Data to use
● ● ● ● ●

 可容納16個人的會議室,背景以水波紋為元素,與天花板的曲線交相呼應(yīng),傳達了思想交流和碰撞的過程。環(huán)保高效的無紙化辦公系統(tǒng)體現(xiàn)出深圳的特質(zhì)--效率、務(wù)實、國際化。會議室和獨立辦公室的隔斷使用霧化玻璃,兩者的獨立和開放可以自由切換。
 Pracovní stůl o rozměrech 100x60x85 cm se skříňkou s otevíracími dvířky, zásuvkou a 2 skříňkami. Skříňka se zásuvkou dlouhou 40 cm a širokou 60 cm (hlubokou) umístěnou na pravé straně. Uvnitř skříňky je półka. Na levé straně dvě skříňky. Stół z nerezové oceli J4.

● ● ● ● ●

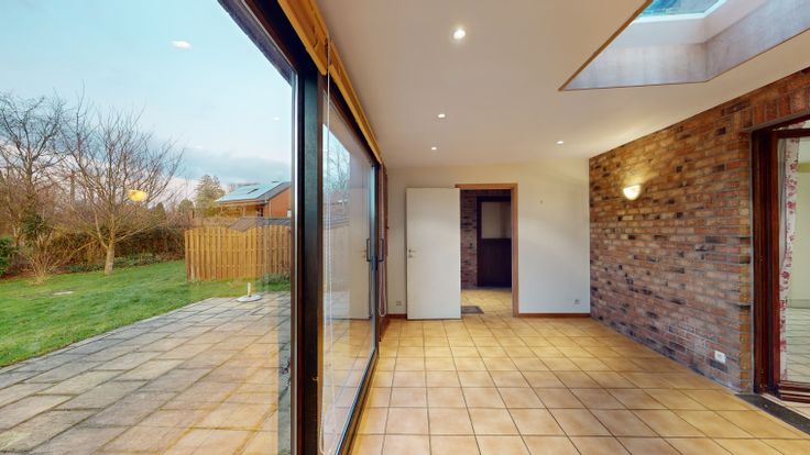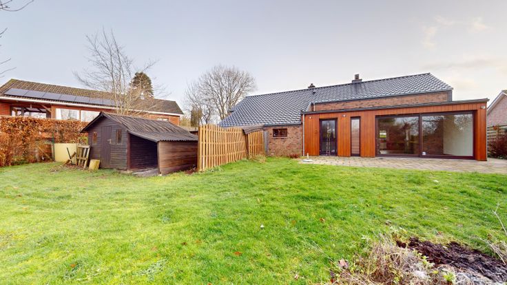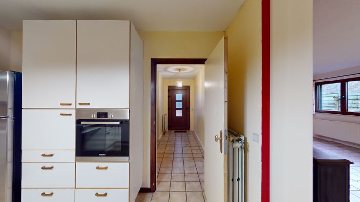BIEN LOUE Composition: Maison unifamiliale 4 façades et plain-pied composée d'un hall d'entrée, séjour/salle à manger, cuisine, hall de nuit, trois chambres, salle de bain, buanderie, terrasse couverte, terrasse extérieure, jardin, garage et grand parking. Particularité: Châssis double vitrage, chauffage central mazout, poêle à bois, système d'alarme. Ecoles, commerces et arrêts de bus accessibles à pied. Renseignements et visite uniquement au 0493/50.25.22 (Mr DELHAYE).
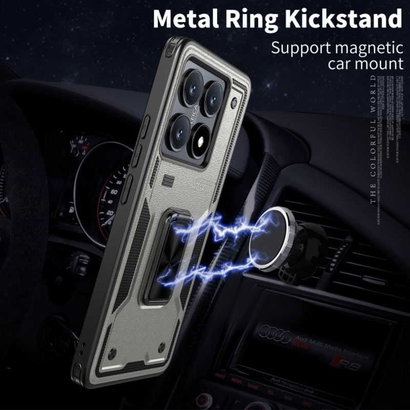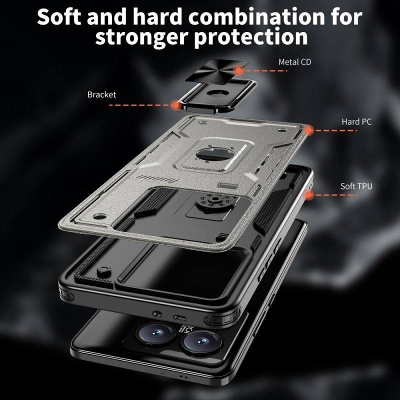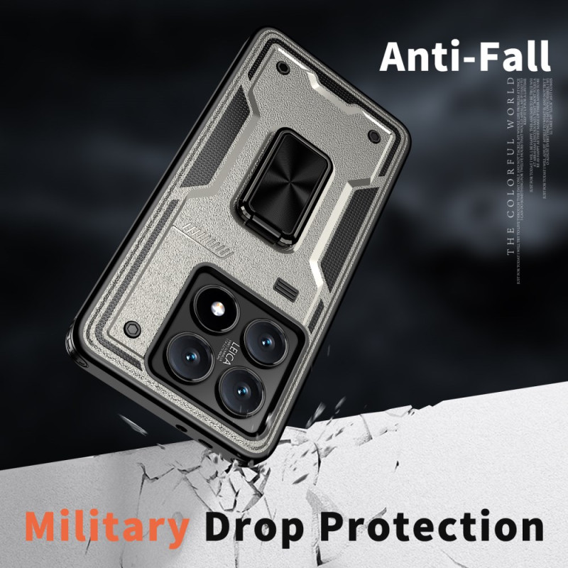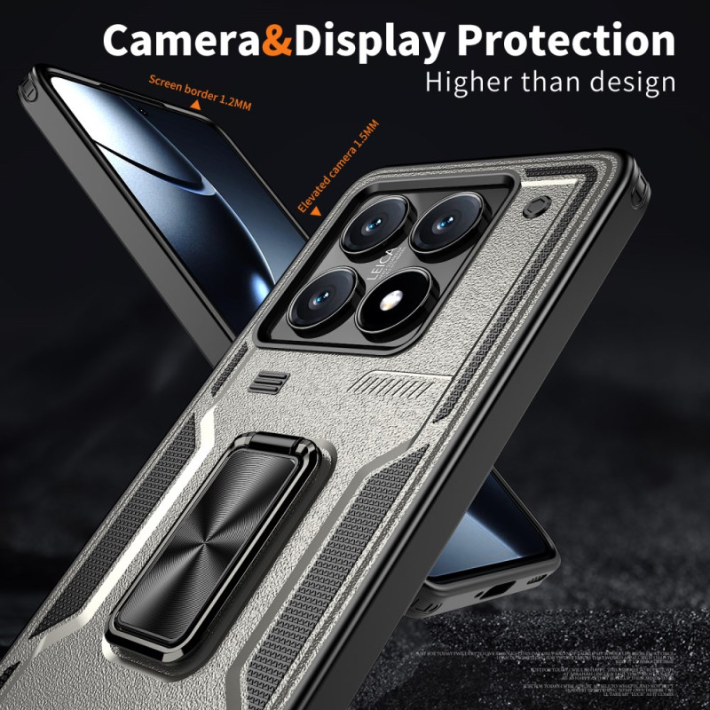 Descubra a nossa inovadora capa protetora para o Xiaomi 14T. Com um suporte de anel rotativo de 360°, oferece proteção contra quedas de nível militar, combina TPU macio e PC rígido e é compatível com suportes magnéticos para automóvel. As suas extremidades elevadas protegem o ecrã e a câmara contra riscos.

● ● ● ● ●

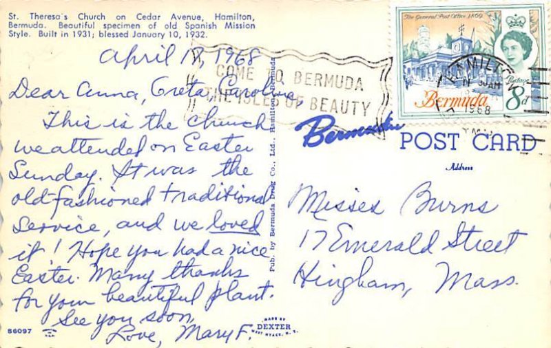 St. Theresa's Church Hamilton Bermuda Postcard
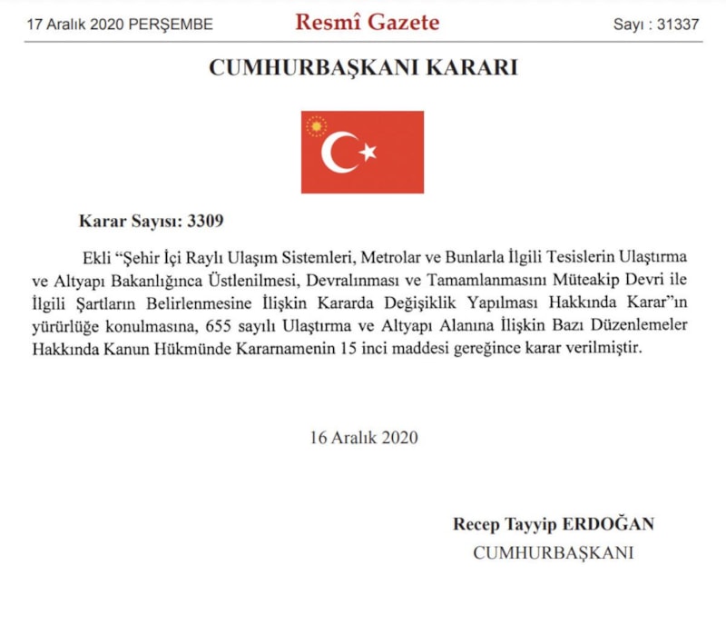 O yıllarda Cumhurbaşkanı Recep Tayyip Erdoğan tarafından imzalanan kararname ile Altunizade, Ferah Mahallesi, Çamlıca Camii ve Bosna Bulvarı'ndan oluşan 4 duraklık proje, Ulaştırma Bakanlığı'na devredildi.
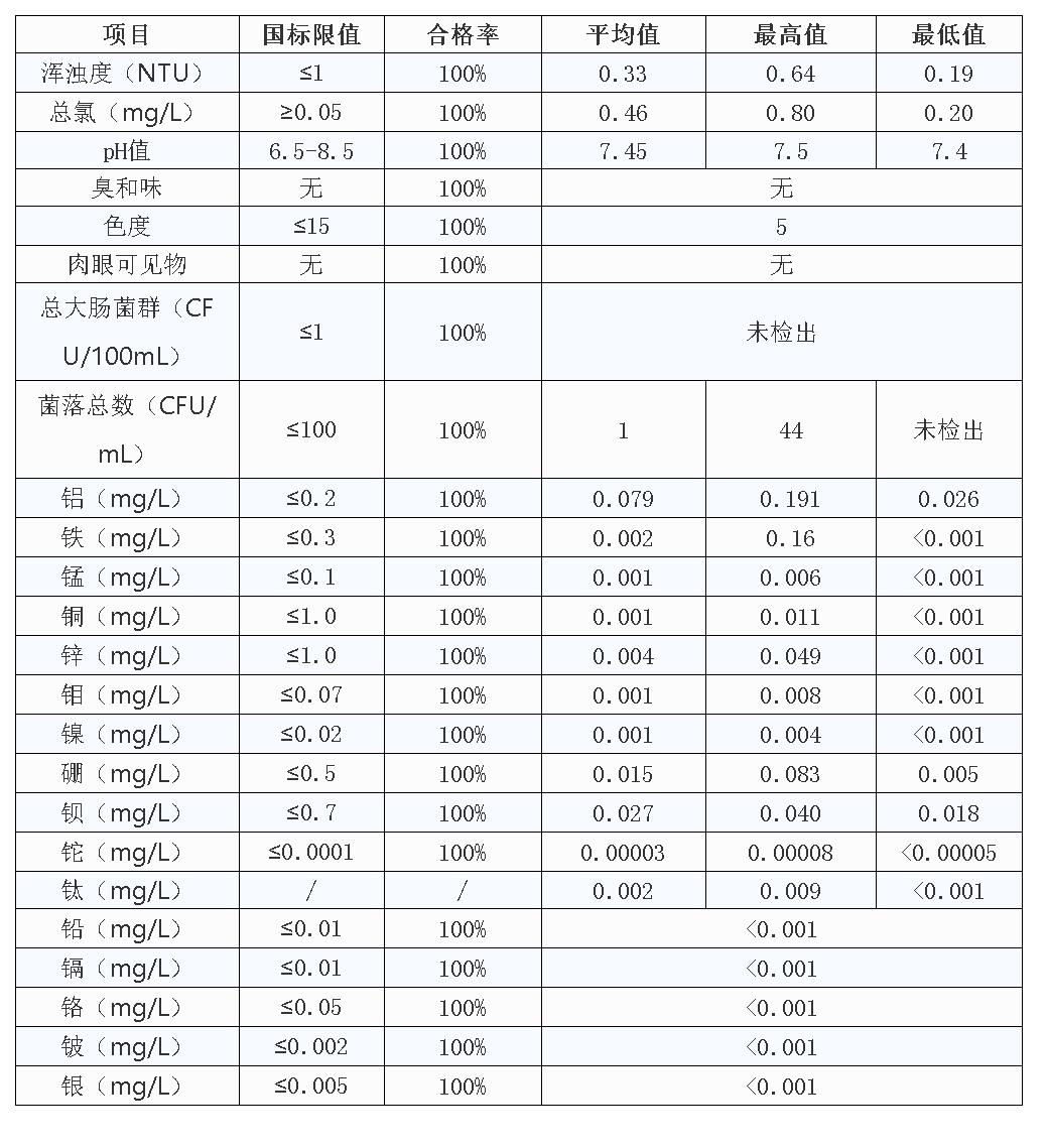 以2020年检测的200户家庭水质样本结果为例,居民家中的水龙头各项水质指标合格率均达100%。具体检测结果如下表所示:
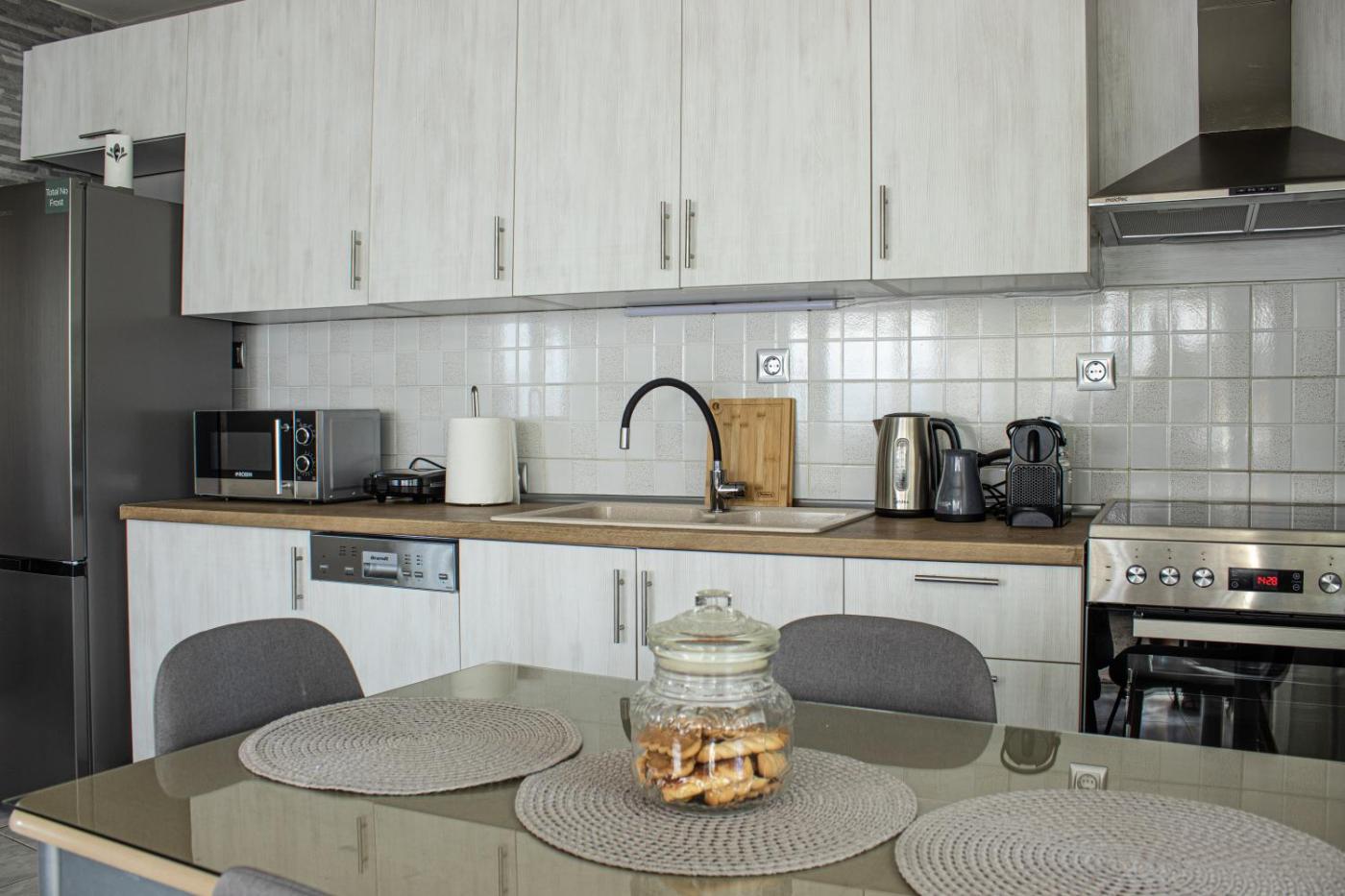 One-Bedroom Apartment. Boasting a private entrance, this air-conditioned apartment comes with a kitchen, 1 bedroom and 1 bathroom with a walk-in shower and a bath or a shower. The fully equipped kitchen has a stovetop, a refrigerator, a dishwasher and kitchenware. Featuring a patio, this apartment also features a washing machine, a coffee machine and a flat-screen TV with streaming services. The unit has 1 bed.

● ● ● ● ●

Problem to solve
Beginning at the line above with "可容納16個人的會議室,背景" and finishing at the line with "Pracovní stůl o", return each line exactly and return nothing else.

Worked solution
 可容納16個人的會議室,背景以水波紋為元素,與天花板的曲線交相呼應(yīng),傳達了思想交流和碰撞的過程。環(huán)保高效的無紙化辦公系統(tǒng)體現(xiàn)出深圳的特質(zhì)--效率、務(wù)實、國際化。會議室和獨立辦公室的隔斷使用霧化玻璃,兩者的獨立和開放可以自由切換。
 Pracovní stůl o rozměrech 100x60x85 cm se skříňkou s otevíracími dvířky, zásuvkou a 2 skříňkami. Skříňka se zásuvkou dlouhou 40 cm a širokou 60 cm (hlubokou) umístěnou na pravé straně. Uvnitř skříňky je półka. Na levé straně dvě skříňky. Stół z nerezové oceli J4.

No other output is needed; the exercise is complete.